FAIRFIELD COUNTY, Conn. -- Reports are the same across our region – people are just not seeing many butterflies this summer. You can help increase butterfly populations by following the basics of butterfly gardening, covered in the first two articles of this series, but don’t stop there. Include some lesser-known components in your landscape to support these beautiful, challenged creatures.
Warming & Basking Sites
Butterflies rarely fly when the temperature is less than 60 degrees. To warm their blood and muscles used in flying, they need sun exposure and safe spots to warm up – especially important in spring and fall. Include an open, sunny space with Southern exposure in your yard as a warm-up zone butterflies.

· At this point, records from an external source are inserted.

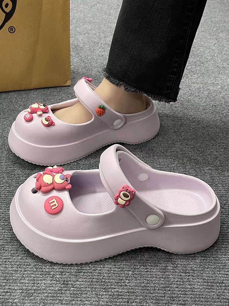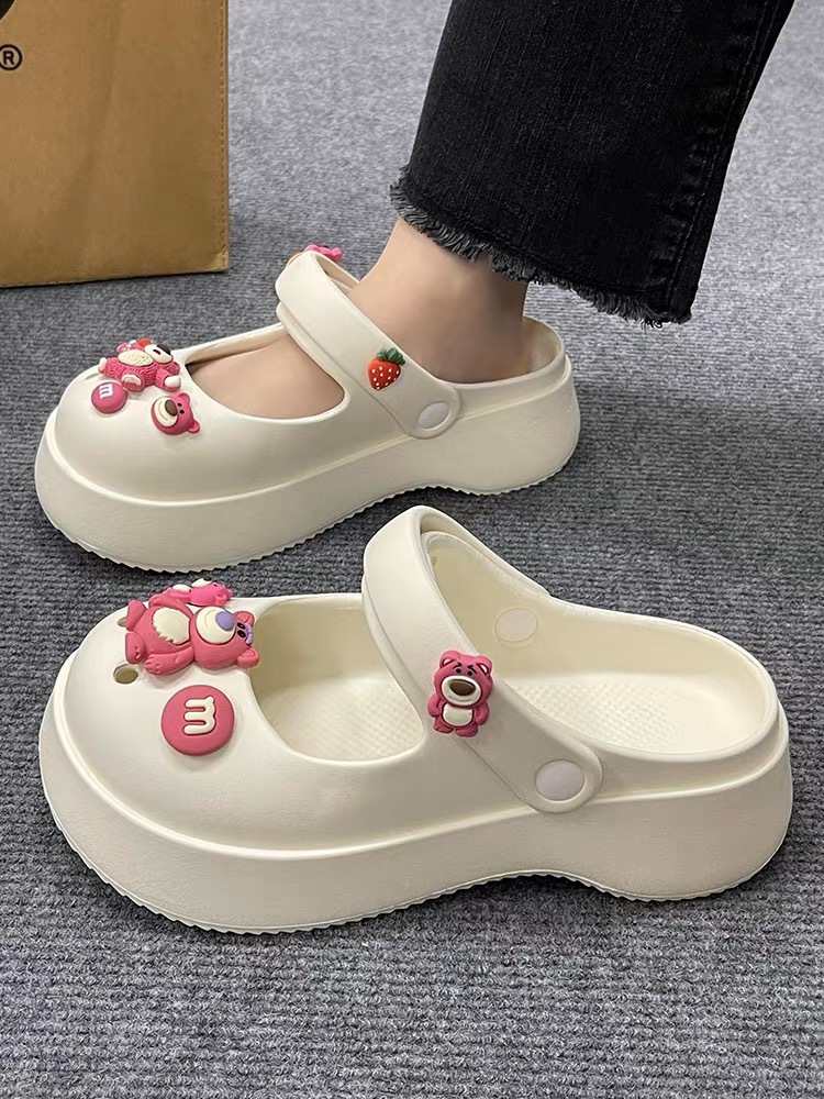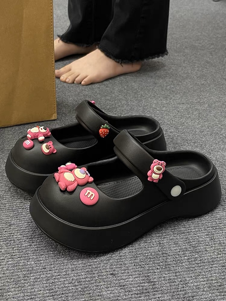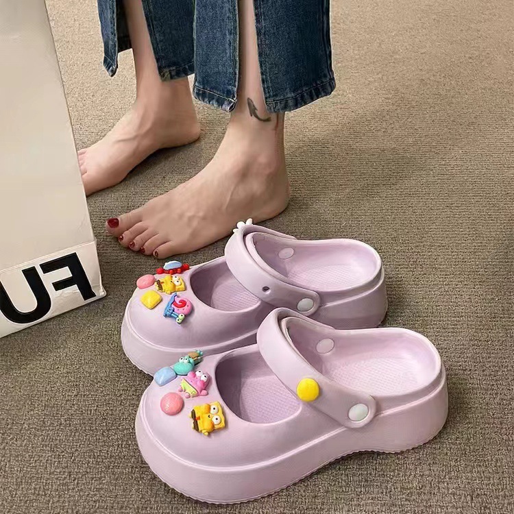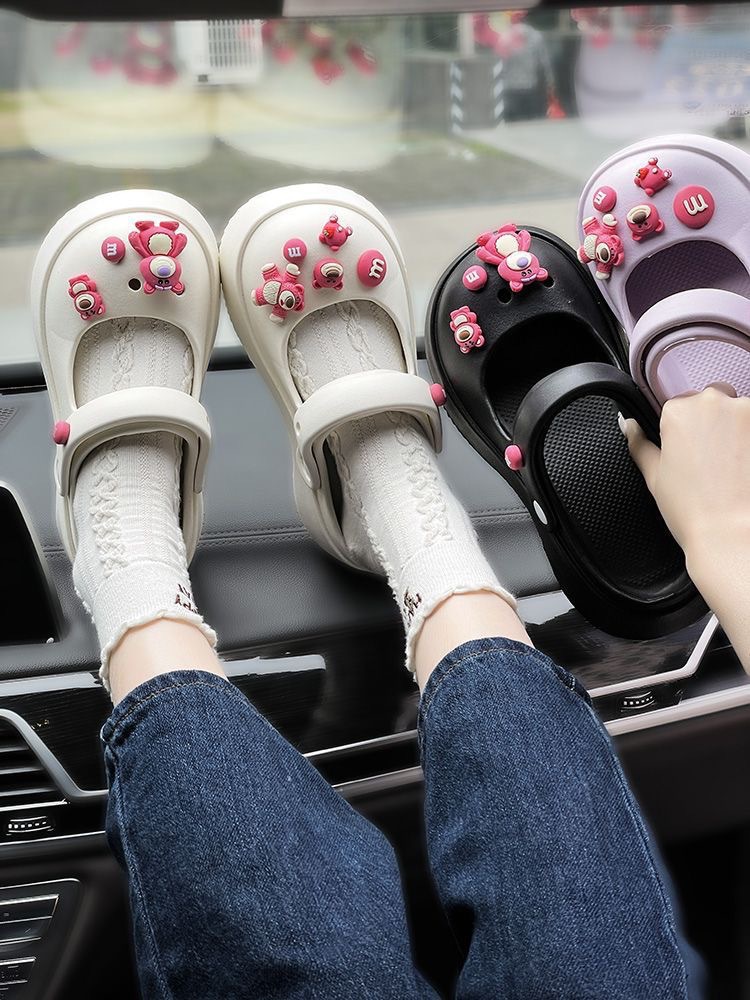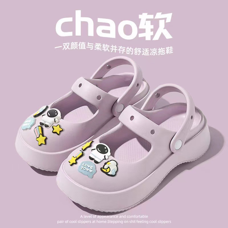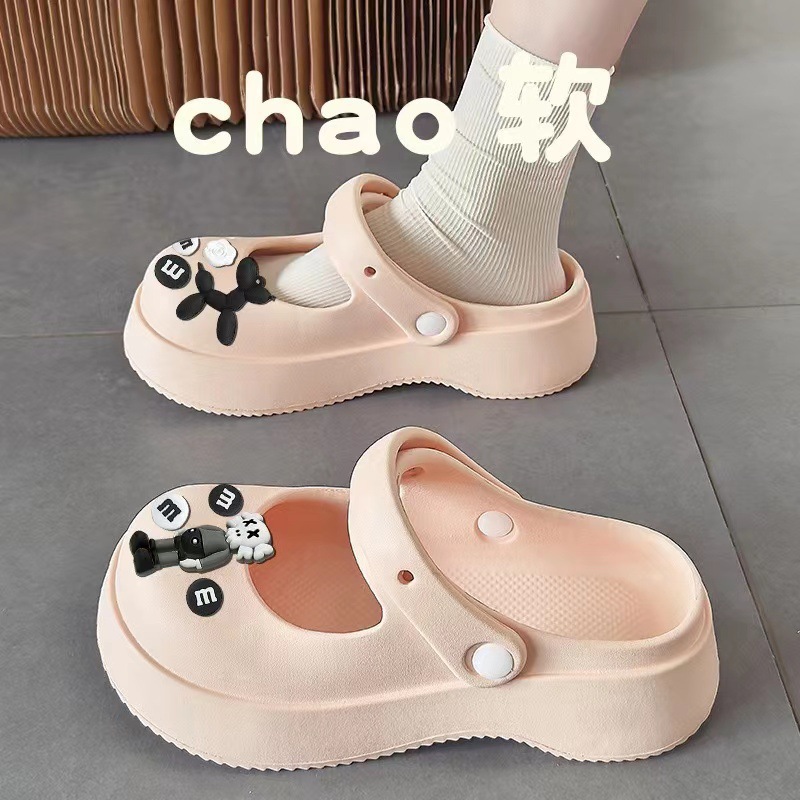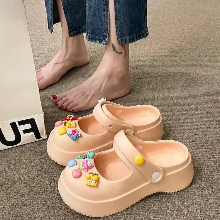 동굴 신발 바오터우 슬리퍼 여성용 외부 착용감 미끄럼 방지 두꺼운 바닥 홈 만화 소녀 하트 비치 슬리퍼 여름스토어 가기
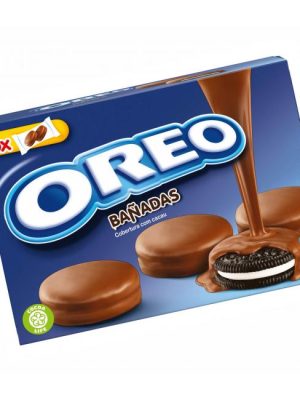 Kakaové sušienky s náplňou s vanilkovou príchuťou celomáčané v mliečnej čokoláde. Hmotnosť 110 g. Alergény Pšeničná múka, Sušené odtučnené mlieko, Pšeničný škrob, Laktóza (z mlieka), Mliečny tuk, Emulgátory ...
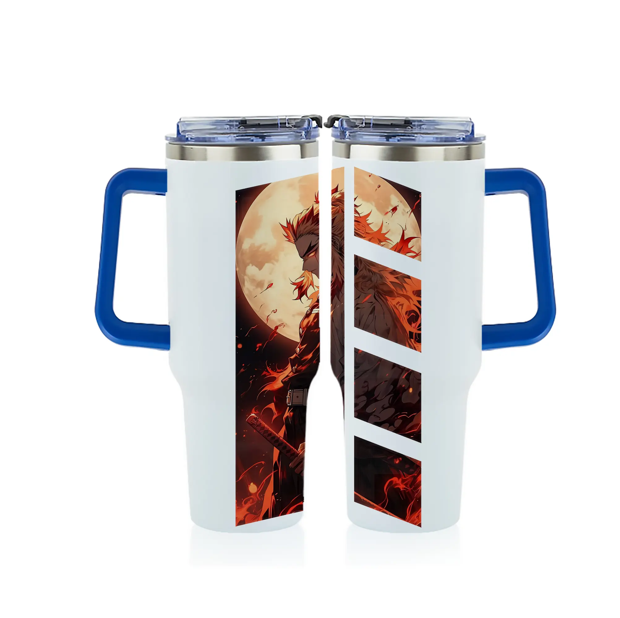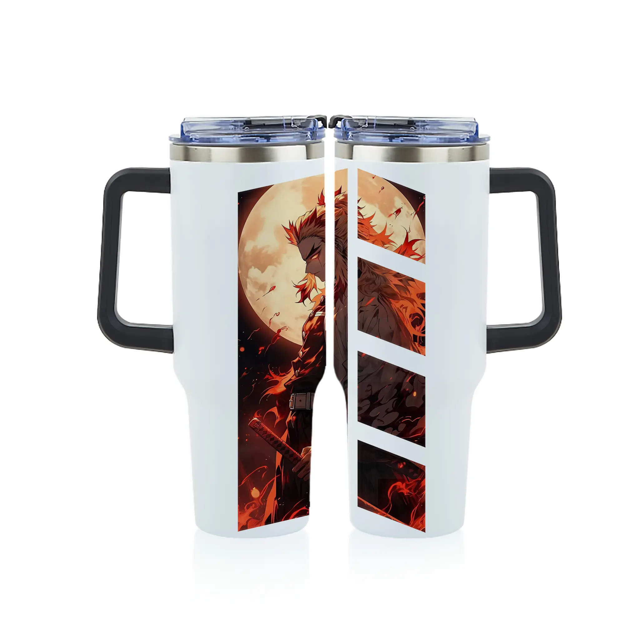 鬼滅の刃 グッズ,煉獄 杏寿郎 - 1200mL フルプリント車用タンブラー ・ 304ステンレス 内側 ・ 201ステンレス 外側 ・ 保温 保冷 ・ 通勤 ドライブ アウトドア用

A sizable area in the center of your garden is ideal, with wind protection provided by the surrounding plants.
Butterflies will also be attracted to large, flat rocks in full sun. Stone walkways consisting of large stones will do the trick. Consider adding a boulder or two that will add visual interest to your landscape while offering butterflies an attractive basking spot.
Most adult butterflies consume nectar, and occasionally tree sap, for energy. But they also need water, as well as sodium and other minerals. While butterflies get some limited sodium from nectar, some species need even more and seek out other sodium sources. You may have experienced a butterfly landing on your arm to feast on your salty, sweaty skin.
Unlike birds, butterflies will not drink from open water – they often sip from moist areas in and around muddy puddles. This behavior is known as “puddling.” Muddy puddles offer not only moisture, but also sodium and minerals – especially important to male butterflies for reproduction. The nutrients are incorporated into butterfly sperm and transferred to the female during mating. This is thought to be a way of increasing egg viability.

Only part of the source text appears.